小話
2015年02月21日 (土) 12:29
また間が開いてしまいました。
人が死ぬととても大変だと実感しております。
今日からまたしばらく家にも帰ってこられない見込みです。
待っていて下さる方にはご迷惑をおかけしております。
来月はまさかの引っ越しトラップが発動しそうで嫌な予感がするのですが……。

今回の小話は幼い頃の護衛騎士を置いておきます。
主要人物の中では珍しく平凡。

・子馬とばあさん
「ばあちゃん、また話を聞かせてくれよ」
 アヌートの片隅にある村でノイは祖母にそうせがんだ。
 家に帰るなり飛び込んできた孫に、祖母は嫌な顔一つ見せない。
「はいはい、私の|可愛い子馬ちゃん(リイプ)。
 今日はどんなお話をしようかねぇ」
 祖母はそう言ってノイの頭を優しく撫でる。

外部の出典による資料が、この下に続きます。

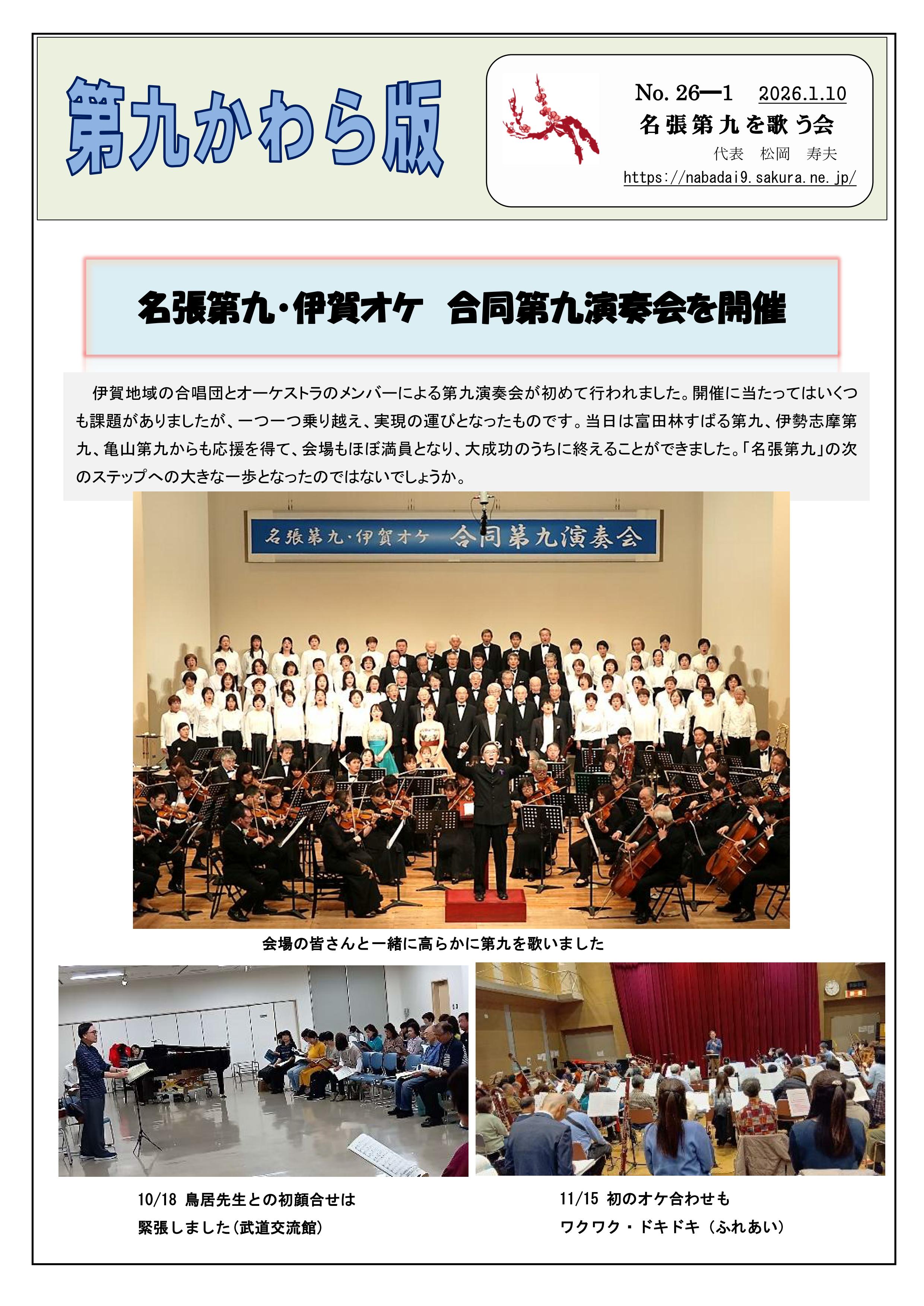 会員への情報誌「第九かわら版」2026年分です。
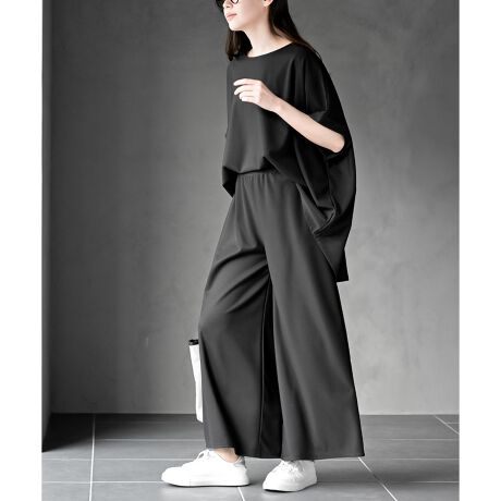 パンツはワイドシルエットでリラクシーにご着用いただけます。

その姿を見られる度に、母や姉にはおばあちゃんに甘えているのねとからかわれるが、ノイはこの優しい祖母に頭を撫でてもらうのが嫌いではない。
「なんでもいい」
「そうだねぇ、なら今日はティーツというお話にしようか」
 祖母は独特の節をつけて謡い出した。
「私は母と三人の兄姉と暮らしていた。
 父は羽を持つ人との戦で死んでしまい、唯一の兄は父の代わりに戦に行ってしまった。
 私は家で一人きりの男だったので、食料を手に入れてくるのは私の仕事だった。
 その頃の私はまだとても小さかったので、毎日少しの食料しか手に入れられなかった。
 それを見かねた狐が食料を分けてくれようとした。
 けれど、私は黒強竜の教えに反するからと断った。
 すると黒強竜の子がやってきて、『それはお前の苦難の代価だ』と言った。
 そこで私は食料を狐から貰うことにした。
 私たちの家族はそれで飢えから逃れることができたのだった。
 今はもう年寄りになったので、子供達に伝えておくことにしたのだ。」
 謡い終わった祖母が孫を見ると、初めて聞いた話に目を輝かせている。その姿を微笑ましく思いながら、祖母は再び話を謡い始めた。